Working in a language that builds trees out of nested lists, my choice of datatype was obvious: Nested lists (you probably didn't see that one coming). The first element of each list is the value of the node, whereas the rest of the elements are its children.

So, I though about what I needed.
First of all, a function that filtered the list of strings (lets call them "chunks" here), leaving only the chunks that are included at the start of the word. For example, given the same parameters as above, the function would return ("tr" "t"). Fairly simple to write:

(defn possible-nexts ;; Yes, slightly awkward name.
  "Given a word and a list of chunks, returns a list containing the chunks that are contained at the beginning of the word."
  [word chunks]
  (filter #(= (take (count %) word) (seq %)) chunks))

It's a fairly simple function, and I believe I don't need to explain how it works (and actually, it's largely irrelevant, as long as it produces the output we need).

Now, since we want to generate a tree, the generating function will obviously be recursive. The general idea for the algorithm is this:

1) Given a word and chunk list, obtain a list of possible nexts.
2) For each possible next chunk, recursively call this with the chunk cut off from the beginning of the word (so with "tree" and "tr" the call would get "ee") and the whole chunks list
3) If there are no possible nexts, terminate.

Simple enough.

(defn generate-tree
  "Generates a tree of all possible ways \"word\" can be assembled from the \"chunks\"."
  [word chunks]
  (when-let [nexts (seq (possible-nexts word chunks))]
    (map #(generate-tree (drop (count %) word) chunks) nexts))))

This was my original version. Again, a very simple function (though I managed to screw up, see below). when-let is fairly simple and does what it says on the tin, whereas seq coerces a collection into a seq, or nil if the collection is empty. This is great for at least two reasons:
1) You get uniform behaviour for all collection types.
2) Free emptiness-check!
Doing emptiness checks via seq is apparently idiomatic in Clojure.
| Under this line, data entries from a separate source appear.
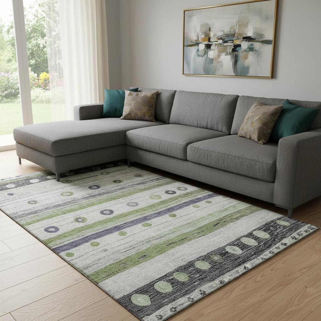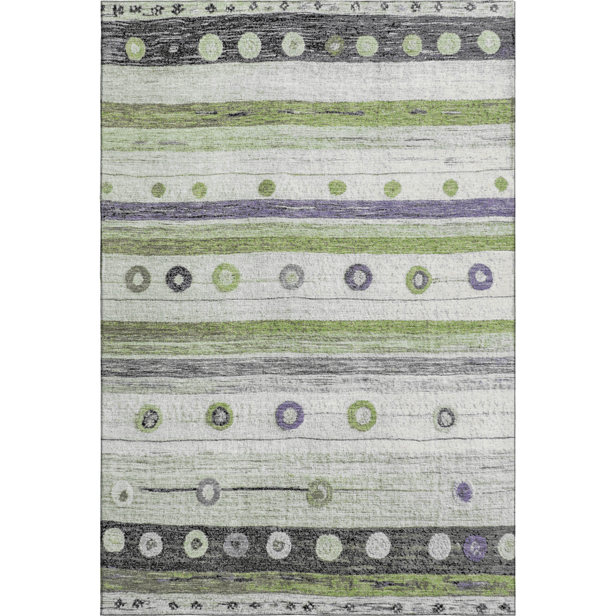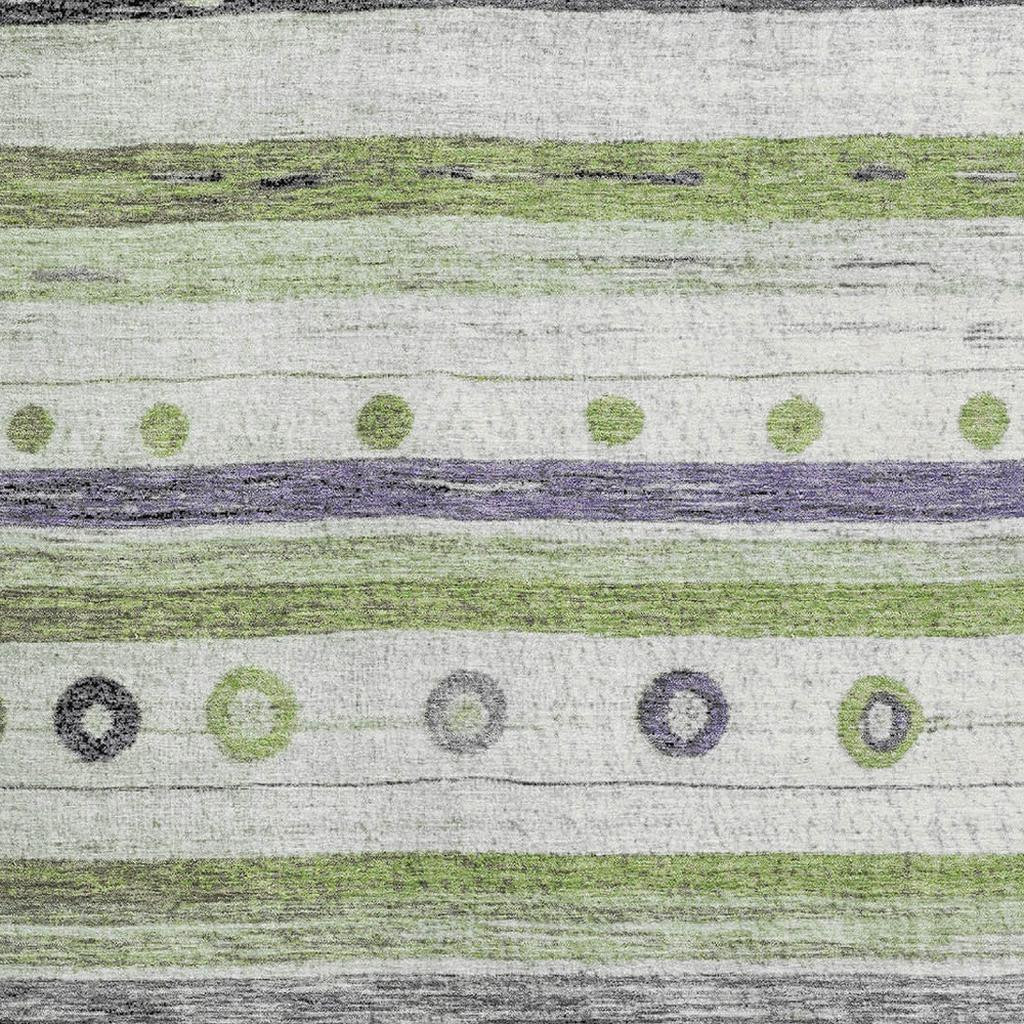 This 8-foot x 10-foot artichoke green purple and ivory striped washable area rug with uv protection, is a great way to add warmth to a room. Ideal for spaces with kids and pets, this rug is stain resistant to help repel dirt and spilled liquids. Built to last, this rug crafted from polyester fibers is known for its durability and long lasting appeal. Rugs are a great way to showcase your style, hide imperfections, warm your home and reduce noise. This larger sized, transitional styled rug is ready to create a focal point or statement piece in your room. 96.00-inch h x 120.00-inch w x 0.39-inch d.
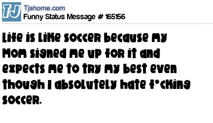 X says Life is like soccer because my Mom signed me up for it and expects me to try my best even though I absolutely hate f*cking soccer.
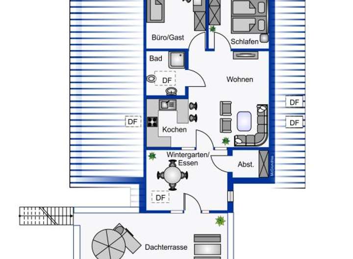 Über eine Stahl-Außentreppe gelangen Sie hier auf die herrliche Dachterrasse und in die Wohnung. Der "wintergartenähnliche" Essbereich und die Dachterrasse bieten ebenfalls einen fantastischen und fast panoramaartigen Ausblick. Eine neuwertige und gepflegte Einbauküche (im Kaufpreis enthalten) in dem offenen Wohn- und Kochbereich ist hier bereits vorhanden, das Duschbad wurde ebenfalls im Jahr 2015 saniert.
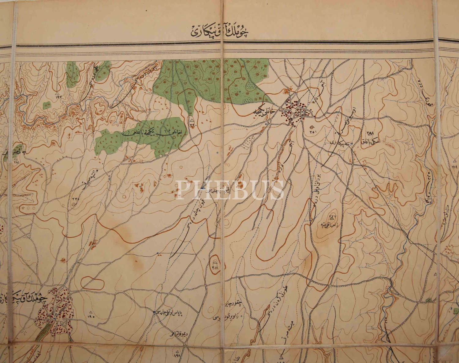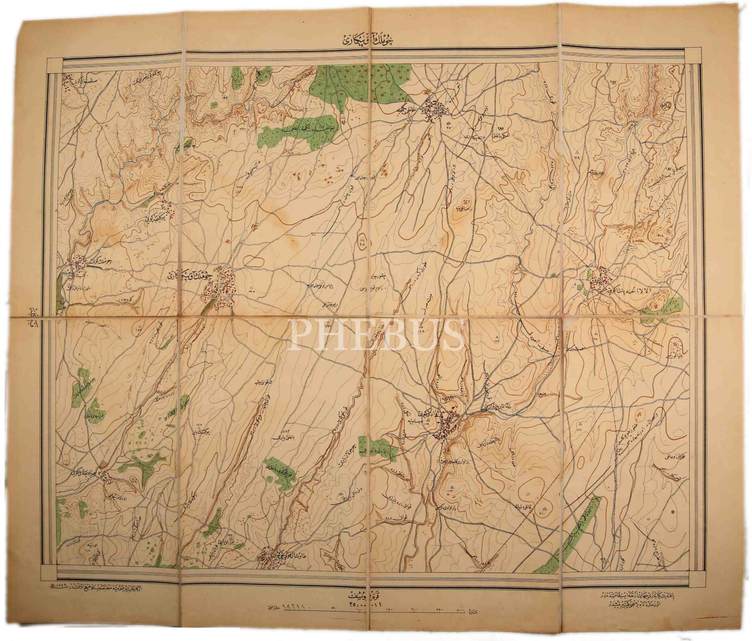 Osmanlıca Çömlek Akpınarı [Edirne] ve Kara Yusuf Haritası, Erkân-ı Harbiye Matbaası'nda Basılmış, Mehmed Şükrü [Sagun] Paşa'nın Terekesinden, 58x50 cm
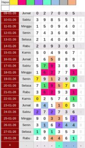 Prediksi HK Jumat, 30-01-2026 Merupakan Prediksi Otomatis yang menggabungkan Metode Kalender Togel Dengan LN Generator yang akurasi prediksinya sudah kita ketahui bersama. Jadi harap Maklum Jika kadang meleset Prediksi HK kita. Jadikan ini sebagai perbandingan saja dan tetap Utamakan karya sendiri
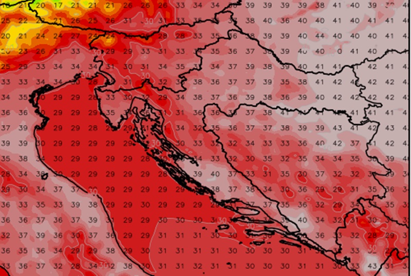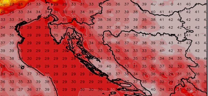 Vrlo vruće, a ponegdje i ekstremno vruće bit će u cijeloj regiji. Maksimalne temperature zraka na istoku Hrvatske i u Dalmatinskoj zagori penjat će se lokalno i iznad 40 °C, dok maksimalne vrijednosti u Istri u predstojećem razdoblju ne bi trebale prelaziti 39 °C.
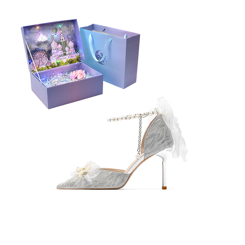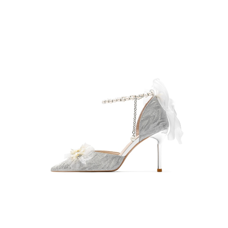 Romantik fransuzcha uslubdagi nafis Robinhood poyabzallari. Kumush rang va ingichka poshnali (6-8 sm) nafis dizayn tashqi ko'rinishning nafisligi va nafisligini ta'kidlaydi. PU materialidan tayyorlangan, uchli uchi va tasmali mahkamlagich qulay o'tirishni ta'minlaydi. To'y, unashtirish yoki maxsus tadbir uchun juda mos keladigan ular kelinning libosiga juda mos keladi.
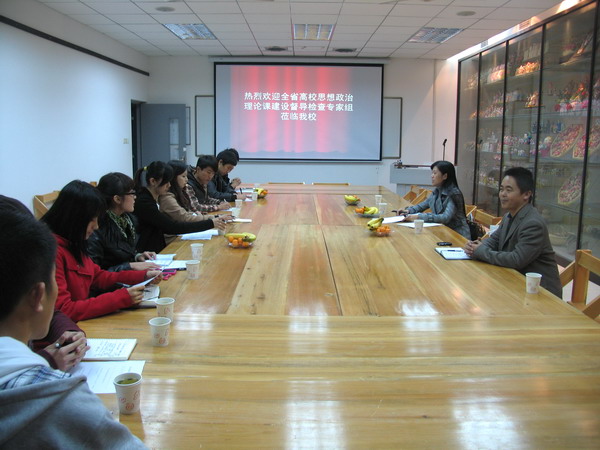 校党委书记任运河详细汇报了我校思想政治理论课的建设情况。我校的主要做法与成绩,一是组织管理措施到位,体制机制逐步健全;二是教学管理更加规范,教学改革不断推进;三是队伍管理不断加强,团队建设成绩斐然;四是课程建设起步良好,科研工作进步明显;五是特色项目积极推进,教学研究成果显著。我校存在的主要问题,一是思政课程建设需要进一步强化,二是教学科研能力需要进一步提升,三是师资队伍建设需要进一步加强,四是教育教学实效需要进一步提高。我校今后将严格按照《高等学校思想政治理论课建设标准》进行整改和建设,大力加强师资队伍建设、课程建设,积极改善教育教学条件,大力推进教育教学改革,努力把思想政治理论课建设成为让大学生真心喜爱、终身受益、毕生难忘的优质课程,更好地促进大学生的全面发展。一是大力加强思政课程建设,二是着力提升教师科研水平,三是不断加大师资建设力度,四是积极推动教学改革创新。

I found it rather confusing in the beginning, but now I like it.

Anyways, I have to admit I failed to store the value in each node. But that was quickly rectified with some minor changes...
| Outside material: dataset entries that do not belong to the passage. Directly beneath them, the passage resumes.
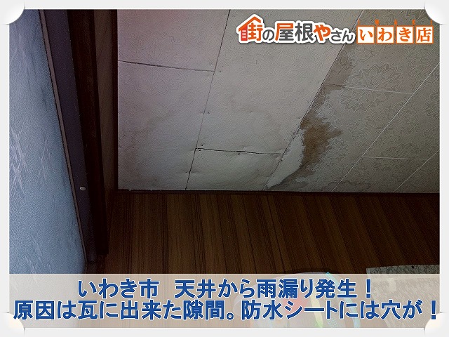 ✉ 街の屋根やさん明石・神戸店のメールでのお問合せはこちら みなさん、こんにちは!😊 街の屋根やさん明石・神戸店です! 大切なマイホームの外壁、なんだか最近、ツヤがなくなってきたな…とか、ひび割れはないけれど、なんだか全体的にくすんで見える…と感じ ...続きを読む2025/10/31 いわき市にて天井からの雨漏り。瓦の隙間から入り下地の防水シートが破けていた
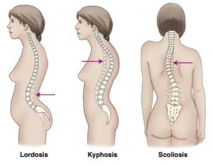 Искривления при сколиозе могут быть в шейно-грудном или верхнегрудном отделах, в грудном, пояснично- грудном, поясничном.
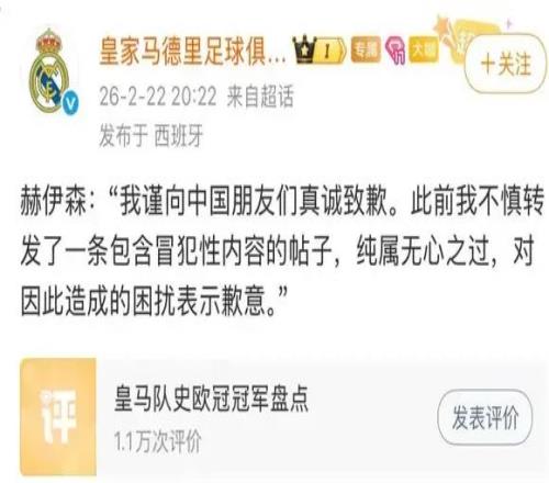 2月22日,皇家馬德里足球俱樂部官方微博發(fā)布道歉聲明,轉(zhuǎn)述豪森的回應(yīng),稱此事“純屬無心之過”。豪森表示:“我謹(jǐn)向中國朋友們真誠致歉。此前我不慎轉(zhuǎn)發(fā)了一條包含冒犯性內(nèi)容的帖子,純屬無心之過,對因此造成的困擾表示歉意?!?/p>
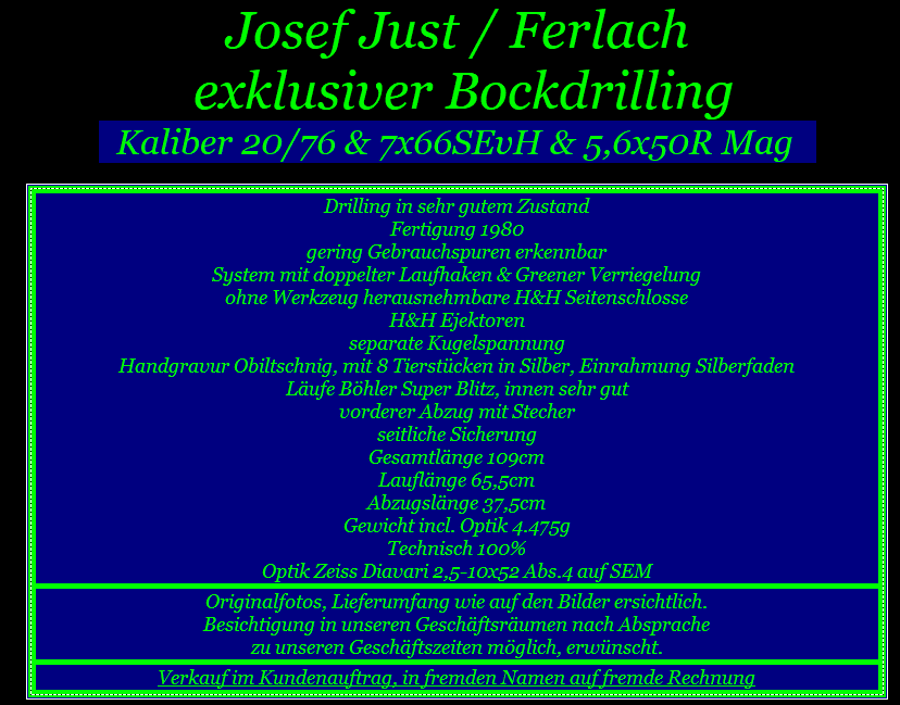 Josef Just / Ferlach exklusiver Bockdrilling Kaliber 20/76 & 7x66SEvH & 5,6x50R Mag
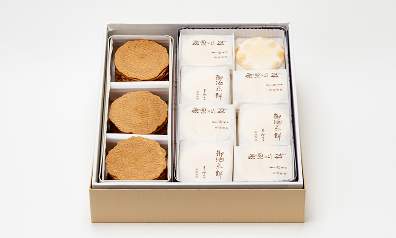 | 御池煎餅・小豆せんべい | 御池煎餅 32枚入 小豆せんべい 120g入 | 5,130円 |
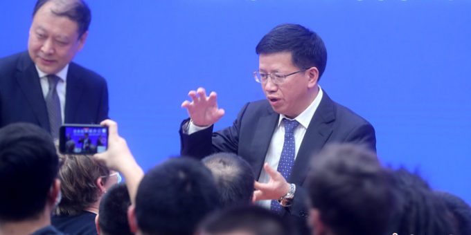 圖為發布會結束后,吳艷華接受媒體追問。 中新社記者 張宇 攝
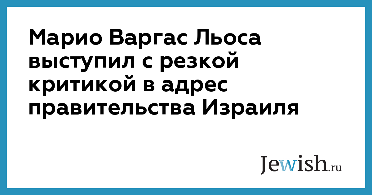 Марио Варгас Льоса выступил с резкой критикой в адрес правительства Израиля

(defn possible-nexts ;; Yes, slightly awkward name.
  "Given a word and a list of chunks, returns a list containing the chunks that are contained at the beginning of the word."
  [word chunks]
  (filter #(= (take (count %) word) (seq %)) chunks))

(declare generate-node)
(defn generate-tree
  "Generates a tree of all possible ways \"word\" can be assembled from the \"chunks\"."
  [word chunks]
  (when-let [nexts (seq (possible-nexts word chunks))]
    (map #(generate-node (drop (count %) word) chunks %) nexts))))

(defn generate-node
  "Generates a tree node."
  [word chunks chunk]
  (cons chunk (generate-tree word chunks)))

That's pretty much it. Less than ten lines total. Or so I (actually, we) thought. There turned out to be a few actual problems, and one aesthetic one.
For one, I didn't have a root node, per se, just a list of subtrees (one for each possible first chunk). I decided the root node shall hold the original word that is being assembled. This is easily solved; call (generate-node word chunks word) instead of (generate-tree word chunks). In light of the other problems, though, I decided to write one last function:

(defn to-tree
  "Nothing much, yet. But this shall be the entry point for the \"program\" shortly."
  [word chunks]
  (generate-node word chunks word))

The other problems are more serious: With certain combinations of chunks, there would be incomplete branches. For example, given "lol" and ["lo" "l"], one branch would be simply... ("l"). We don't want this garbage.
Other than that, if there were duplicate chunks, parts of the tree would be duplicated as well. So, we might want to filter the chunks list.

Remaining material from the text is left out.